One in two Australians missed out on health care they needed last year mainly because they could not afford it, according to a new report by the peak healthcare consumers group.
The Consumers Health Forum (CHF) surveyed more than 5,100 Australians, with the results revealing a health system that has become increasingly unaffordable.
Where Australians are spending their money
The survey showed entrenched inequities that meant Australians with lower incomes, chronic illness or diverse backgrounds were more likely to miss out on care.
“Australians still trust the care they receive. What they don’t trust is whether they can afford it when they need it,” CHF CEO Elizabeth Deveny said.
“That gap between confidence in care and confidence in affordability is the fault line in our health system. If people delay care because of cost, then universal care exists on paper but not in practice.”

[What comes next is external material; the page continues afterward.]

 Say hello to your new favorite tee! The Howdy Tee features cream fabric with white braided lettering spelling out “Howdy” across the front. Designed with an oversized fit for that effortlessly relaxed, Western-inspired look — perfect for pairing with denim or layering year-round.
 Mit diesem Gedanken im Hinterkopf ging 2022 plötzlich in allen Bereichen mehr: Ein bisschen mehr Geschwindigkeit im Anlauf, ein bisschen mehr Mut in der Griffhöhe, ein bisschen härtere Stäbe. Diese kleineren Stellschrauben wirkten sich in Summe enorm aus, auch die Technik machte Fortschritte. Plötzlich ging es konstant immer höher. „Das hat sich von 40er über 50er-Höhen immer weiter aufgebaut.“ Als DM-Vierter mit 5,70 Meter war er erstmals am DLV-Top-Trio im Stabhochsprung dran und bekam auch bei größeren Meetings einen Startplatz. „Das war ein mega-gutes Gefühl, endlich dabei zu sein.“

55 per cent of people delayed taking or getting medication
The report provides a snapshot of consumer sentiment in 2025, before the impact of the latest escalation in the Middle East war began constricting household budgets even more.Â
The report found about 50 per cent of people missed out on seeing a doctor or dentist when they needed to last year, skipped a recommended medical test or treatment, or did not fill out a prescription or take medicine when required.
The main reason people did not access health care was cost, with 55 per cent of people who did not fill a prescription or take medicine when they needed to citing affordability, up from about 47 per cent the year before.Â
Almost 50 per cent of people who skipped recommended medical tests or appointments said they could not afford to, compared to about 44 per cent in 2024.

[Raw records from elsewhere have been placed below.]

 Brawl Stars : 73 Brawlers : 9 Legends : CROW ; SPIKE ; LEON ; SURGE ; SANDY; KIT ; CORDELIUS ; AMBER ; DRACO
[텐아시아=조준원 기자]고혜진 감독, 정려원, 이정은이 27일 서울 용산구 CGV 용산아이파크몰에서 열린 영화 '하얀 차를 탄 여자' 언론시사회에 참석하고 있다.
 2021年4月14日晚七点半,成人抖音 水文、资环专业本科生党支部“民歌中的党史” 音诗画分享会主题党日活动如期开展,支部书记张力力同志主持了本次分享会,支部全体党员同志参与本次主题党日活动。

While 67 per cent of people who did not see a dentist when they needed to said it was because they could not afford it.Â
More broadly, the report also looked at financial stress as a key social determinant of health.

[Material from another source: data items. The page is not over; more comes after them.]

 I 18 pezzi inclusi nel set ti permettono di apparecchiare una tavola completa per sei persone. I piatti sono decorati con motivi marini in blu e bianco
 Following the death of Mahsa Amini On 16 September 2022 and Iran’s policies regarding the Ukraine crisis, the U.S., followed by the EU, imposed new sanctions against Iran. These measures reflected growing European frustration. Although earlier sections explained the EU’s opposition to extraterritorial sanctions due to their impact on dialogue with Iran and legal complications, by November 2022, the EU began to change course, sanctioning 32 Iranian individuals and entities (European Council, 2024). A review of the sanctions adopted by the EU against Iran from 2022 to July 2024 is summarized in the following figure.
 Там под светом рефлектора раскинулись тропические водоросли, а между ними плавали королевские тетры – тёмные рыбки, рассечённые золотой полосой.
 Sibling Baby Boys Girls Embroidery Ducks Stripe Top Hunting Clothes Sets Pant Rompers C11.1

It found more than 35 per cent of people reported experiencing at least one financial difficulty or situation in 2025, with some having to resort to asking for financial help from family and friends, skipping meals or pawning items to get by.
While Australians showed moderate confidence in the healthcare system, only one in three felt confident they could afford care if they became seriously ill.
“Affordability is not an abstract economic issue. It determines whether someone sees a doctor, fills a prescription, fixes their teeth, or waits and hopes a problem will pass,” the report said.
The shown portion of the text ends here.